Hoy, desde la relativa
objetividad que proporciona la distancia, creo que mi padre no fue lo que mi
madre siempre me contó, o al menos estoy segura de que no era ninguno de los
grandes héroes de la patria, porque de ser así, mi madre no habría ejercido
toda la vida de sirvienta en una de las mansiones coloniales que una vez
finalizada la guerra de la independencia correspondieron a los auténticos
próceres nacionales. Probablemente haya algo de cierto en lo que mi madre me
contaba, mi padre seguramente participó en la sublevación, quizás fuera un
pobre soldado anónimo o tal vez incluso llegara a ostentar algún rango militar...
Esto último seguramente fue lo que ocurrió, y así es como mi madre debió de
conseguir su empleo, porque no era fácil en aquellos años, recién instaurada la
república, entrar a servir en la casa de uno de los héroes de la patria.

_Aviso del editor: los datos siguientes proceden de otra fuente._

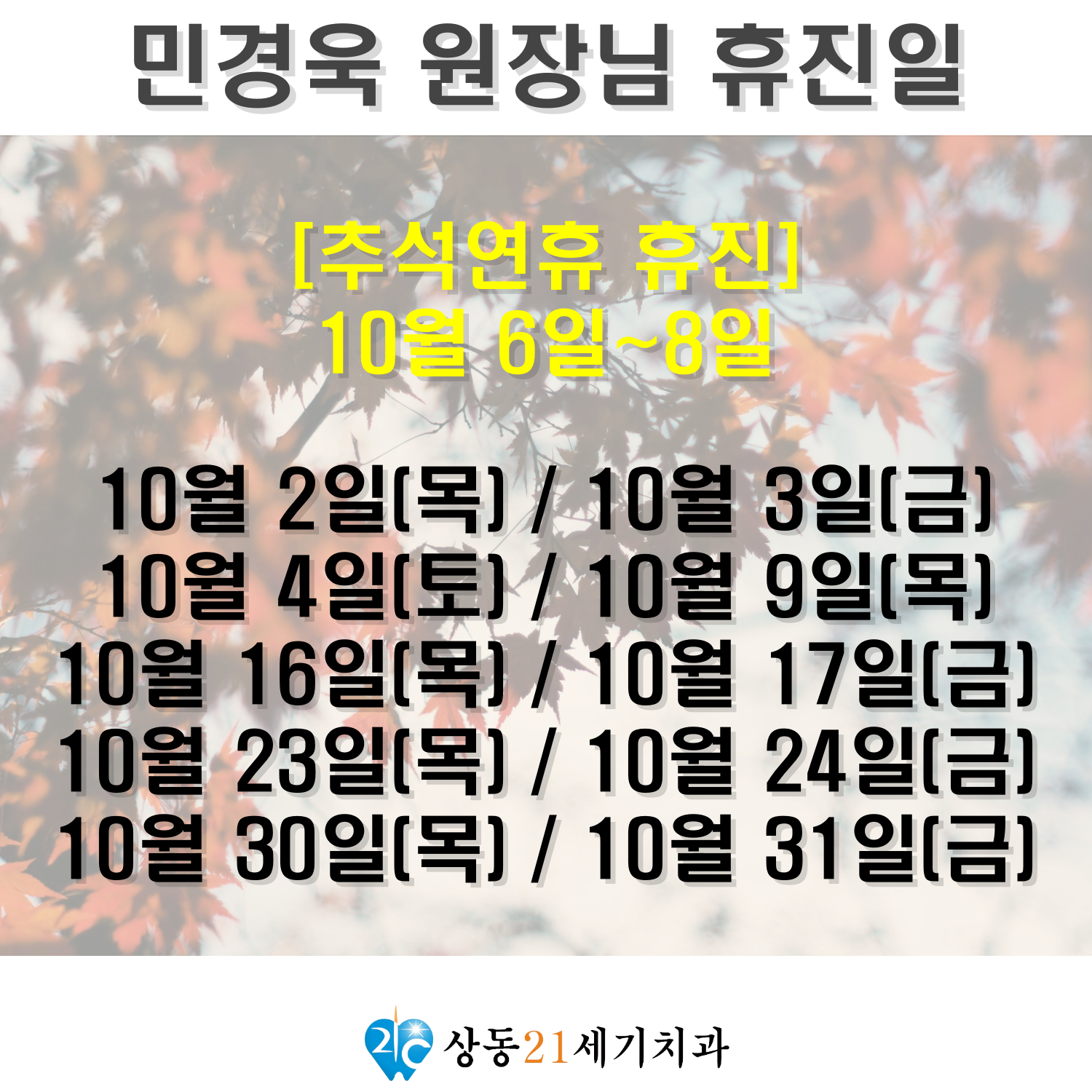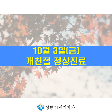 다가오는 10월, 상동21세기치과 진료 일정 안내드리겠습니다.

Lo cierto es que gracias al
trabajo de mi madre yo pude viajar a Europa. Pero no me malinterpreten, no vine
a París en plan turista, ni mucho menos, ni llegué para estudiar en La Sorbona,
como hicieron a la sazón los libertadores de la patria y hoy hacen sus hijos;
tampoco clandestinamente como sucede en la actualidad con muchos compatriotas y
personas del África negra que se juegan la vida para llegar al paraíso en busca
de una vida decente, huyendo del hambre y de la guerra. No, ése no es mi caso,
aunque, según se mire, tampoco es menos dramático.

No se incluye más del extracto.